Maxine Waters, also speaking before the floor vote, said she intended to oppose the legislation. She claimed the FIT21 bill would send cryptocurrencies to a “regulatory no man’s land,” adding that the language would allow traditional finance firms to operate without SEC oversight.

“This [bill] is perhaps the worst, most harmful proposal I have seen in a long time,” said Representative Waters. “This bill would deregulate crypto and certain traditional securities to the extent that I and other experts have expressed serious concerns about this bill causing a potential market crash and recession.”

Meanwhile, the White House is against the U.S. House of Representatives passing the FIT21 bill, but the president isn’t threatening to veto it, in a positive sign for the crypto industry.

Biden’s White House published a statement of administrative policy Wednesday saying the administration opposed the passage of the Financial Innovation and Technology for the 21st Century Act, citing concerns over a lack of investor protections should it make its way through Congress. The bill also suggested the White House would want to work with Congress on future legislation addressing the crypto markets, in contrast with previous statements from Securities and Exchange Commission Chair Gary Gensler, who has repeatedly said he does not believe the industry needs additional legislation specific to crypto.

“The Administration is eager to work with Congress to ensure a comprehensive and balanced regulatory framework for digital assets, building on existing authorities, which will promote the responsible development of digital assets and payment innovation and help reinforce United States leadership in the global financial system,” the statement said. “H.R. 4763 in its current form lacks sufficient protections for consumers and investors who engage in certain digital asset transactions.”

This is the second statement of administrative policy the administration has published in recent weeks, after threatening a veto against a bill looking to overturn controversial SEC accounting guidance.

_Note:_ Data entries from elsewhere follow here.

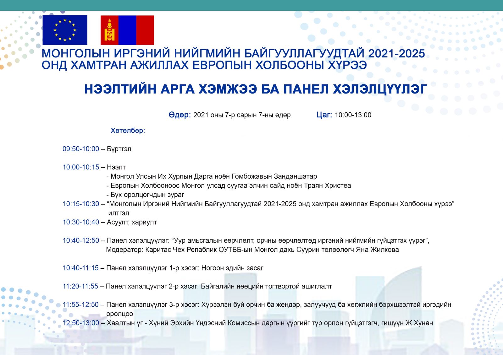 Энэхүү хамтын ажиллагааны хүрээг танилцуулахаар Европын Холбооноос Монгол Улсад cуугаа Төлөөлөгчийн газраас нээлтийн арга хэмжээ болон панел хэлэлцүүлгийг 2021 оны 07-р сарын 07-ны өдөр 10:00-13:00 цагт цахимаар зохион байгуулна.
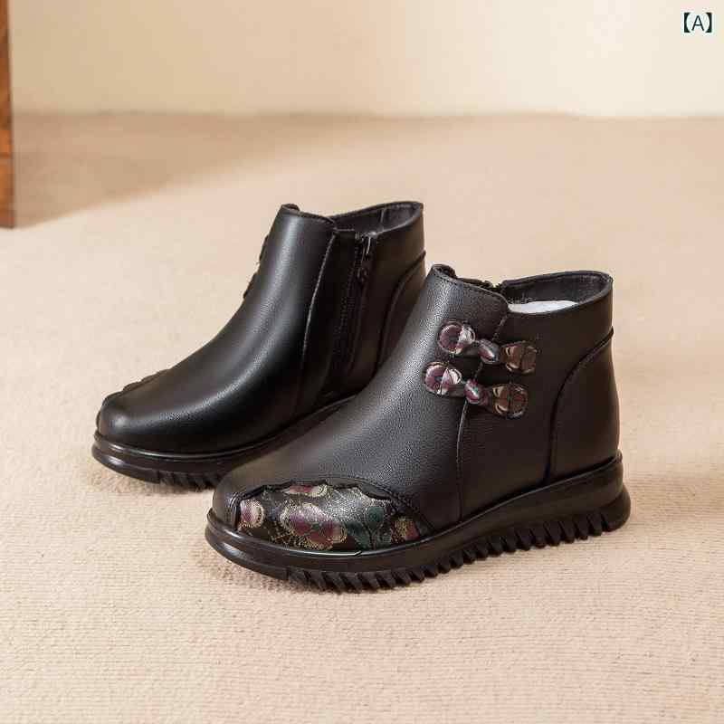 ブーツ レディース 中高年 冬 本革 ウール ライニング 保温 滑り止め 耐摩耗 ラウンドトゥ ミッドカット サイドジッパー ウェッジヒール 花柄 蝶結び 黒 カジュアル 日常 ハイキング
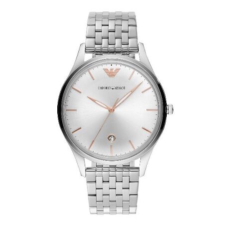 光を反射するホワイトのサンレイダイアルに、シンプルでシャープな印象を与えるバーインデックスを合わせ、エンポリオアルマーニらしいエレガントな気品溢れる仕上がりとなっています。
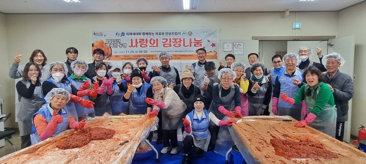 [금요저널] 아산시는 한국자유총연맹 아산시지회와 아산시북한이탈주민정착지원센터가 25일 북한이탈주민들의 겨울철 김장김치를 지원하기 위한 ‘2025년 행복한 동행 가족 사랑의 김장나눔’행사를 성황리에 개최했다고 밝혔다.
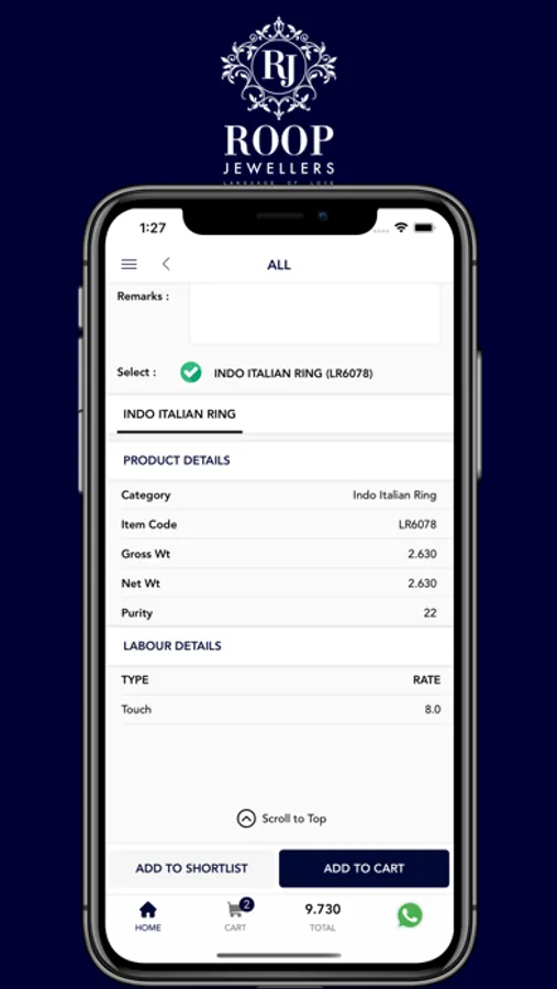 *In App Notification- Don't miss an offer with Roop Jewellers App. With in-build mobile notification feature, you will be amongst the first ones to know about the latest collection and offers.
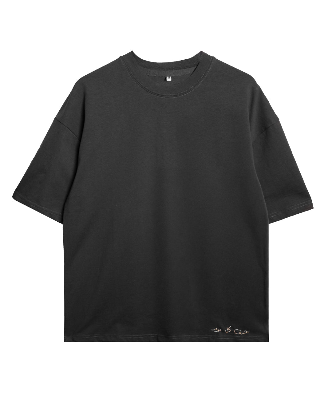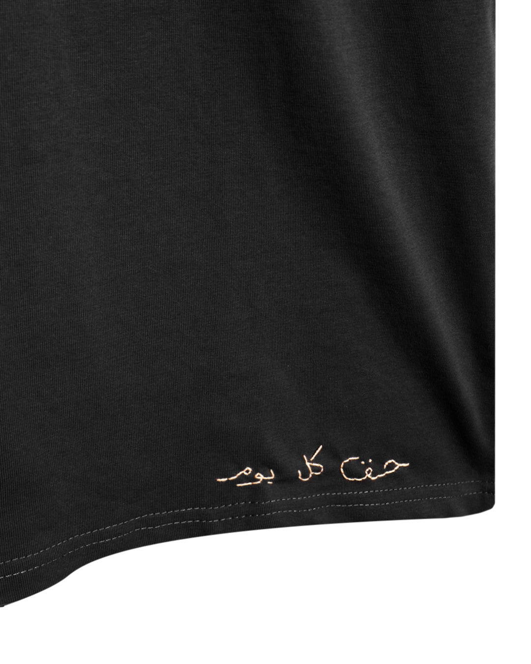 Subtle Arabic embroidery at the hem reads "حق كل يوم" — For everyday — a soft reminder of selfhood and grounded identity.
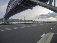 an image of some bridge over a highway in the day time setting with a stoplight on
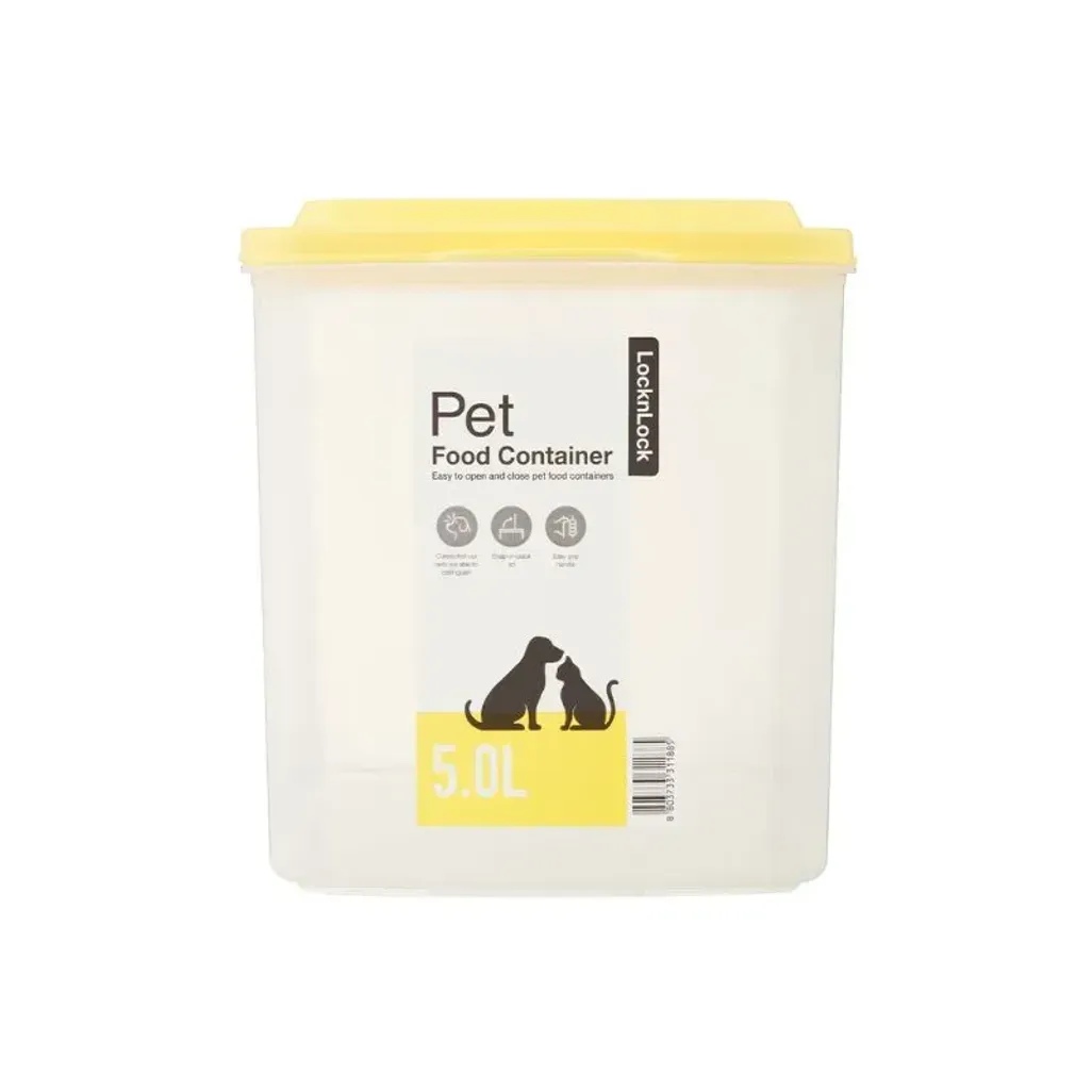 This Dry Food Container is made of Polypropylene Plastic (PP). It has a yellow design, which is one of the colours that dogs are able to discern. The LocknLock Pet container has a 5L capacity, and a space-saving slim body design.
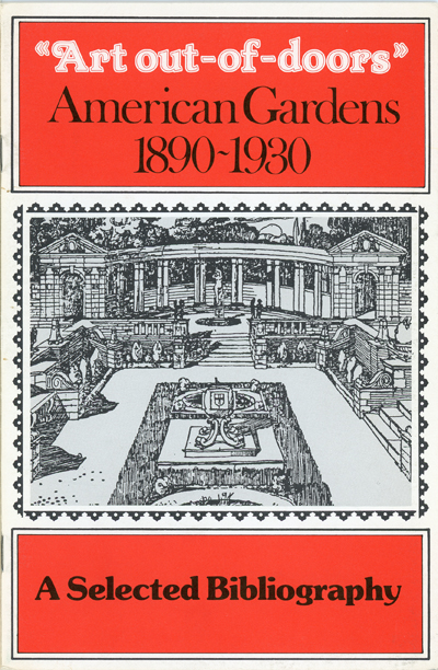 This annotated bibliography of selected influential works in landscape and garden design published during the "Country Place" era in North America was produced in conjunction with a conference on that topic held at the Winterthur Museum and Gardens in March 1979. It also included a foreword by Charles van Ravensway (director emeritus, Winterthur), prefaces by Bernadette G. Callery (Hunt Institute Librarian, 1977–1987) and Scott Swank (head, Education Division, Winterthur) and a bibliography compiled by Julia Finette Davis (Winterthur-NEH Research Fellow).

That bill sailed through the House and Senate.

The statement came hours after the SEC’s Gensler published his own opposing statement on the legislation, saying it would harm the regulator’s efforts to police traditional capital markets as well as crypto markets.

FIT21 would redefine how securities issuers have to comply with existing federal law and Supreme Court precedent, the SEC chair said in his statement.

The bill’s advocates say U.S. law doesn’t allow for crypto companies to operate without the threat of civil litigation, a view Gensler described as these companies trying to get out of meeting disclosure and other compliance requirements for securities issuer.

The bill would create a new definition specific to digital assets, to identify when they’re securities or digital commodities and whether the SEC or Commodity Futures Trading Commission should be the primary spot market regulator. The full House is set to take up the bill later Wednesday, with a vote scheduled for this afternoon.

The House is still set to discuss and vote on H.R. 5403, the Central Bank Digital Currency (CBDC) Anti-Surveillance State Act, which would prohibit the Federal Reserve from issuing a digital dollar through intermediaries. Democratic Party leadership reportedly said on May 21 that it was not in favor of its members voting to pass the anti-CBDC bill or the FIT21 bill, but it would not whip against the legislation.

Crypto-related legislation and the SEC’s pending decision on a spot Ether exchange-traded fund comes as the United States moves deeper into an election year, with digital assets on many voters’ minds. President Joe Biden and former President Donald Trump, the presumptive candidates for the Democratic and Republican Parties in 2024, have agreed to two debates on June 27 and Sept. 10.